Dynamic simulation of a space lithium-cooled reactor system coupled with a He–Xe closed Brayton cycle

Abstract

The lithium-cooled reactor with Brayton conversion power system mainly consists of fast reactor, intermediate heat exchanger, closed Brayton cycle (CBC) loops filled with Helium–Xenon (He–Xe) binary gas mixtures and heat rejection loop which radiate residual heat through heat pipes to outer space. In this study, a dynamic model of 100-kWe lithium-cooled reactor with Brayton conversion power system was established based on RESYS code, which include reactor core thermal-hydraulic model, six-group neutron kinetics model and decay heat model, heat exchanger model, Closed Brayton cycle model including turbine, compressor and rotating shaft, heat pipe radiator model etc.

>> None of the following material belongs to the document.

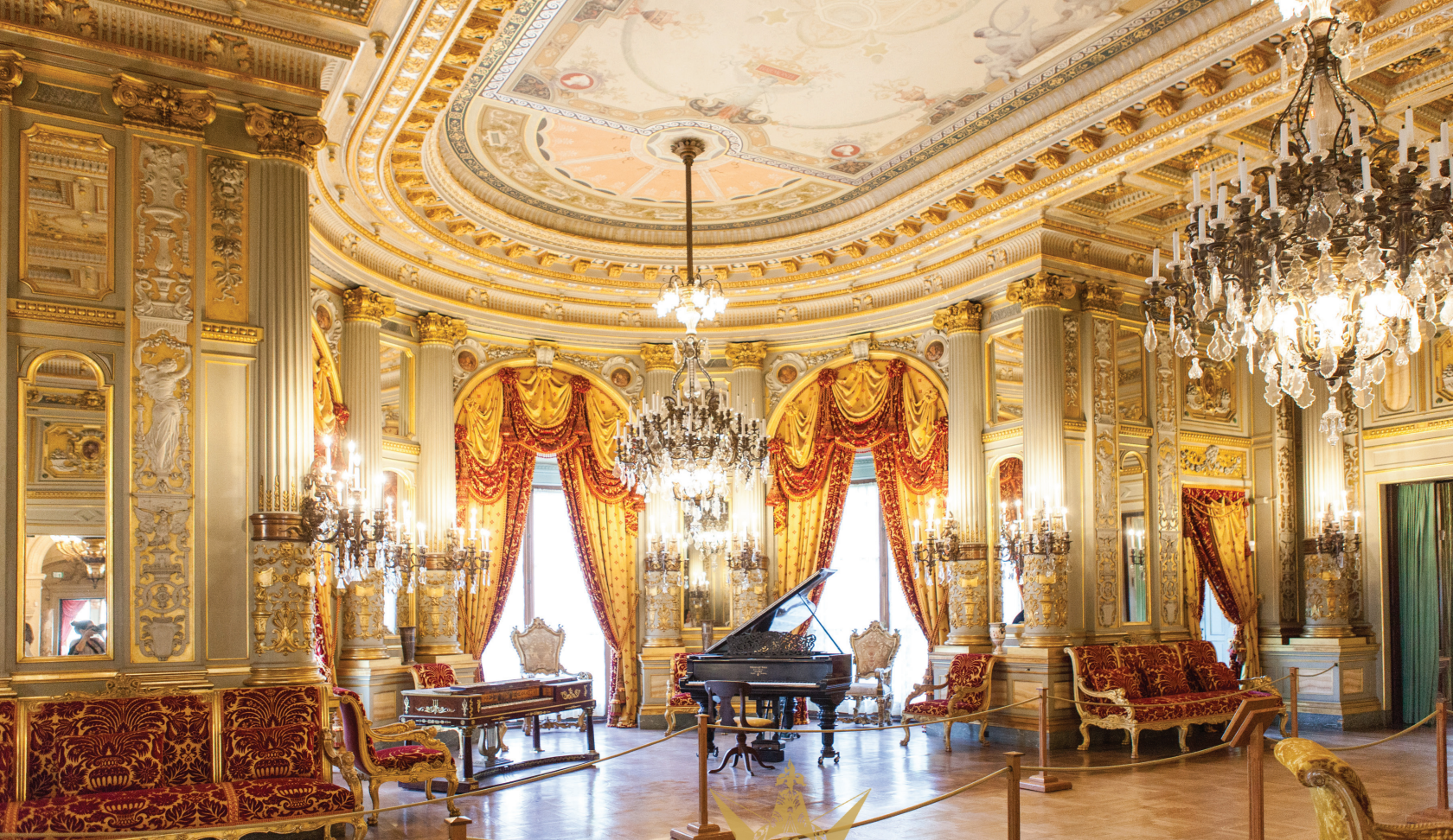
Breakers Mansion - this Music Room is a feast for the eyes!

The nominal steady-state simulation is carried out to verify the correctness and accuracy of individual component model the integrated system model. Four typical transient conditions including accidental reactivity insertion, loss of coolant flow of primary loop, partial and total external load loss and a step reduction in the mass flow rate of heat rejection loop are simulated to analysis the transient characteristics and prove the safety features for those simulated scenarios. The results are helpful for the design, evaluation and operation of space liquid-lithium-cooled reactor power system with He–Xe closed Brayton cycle.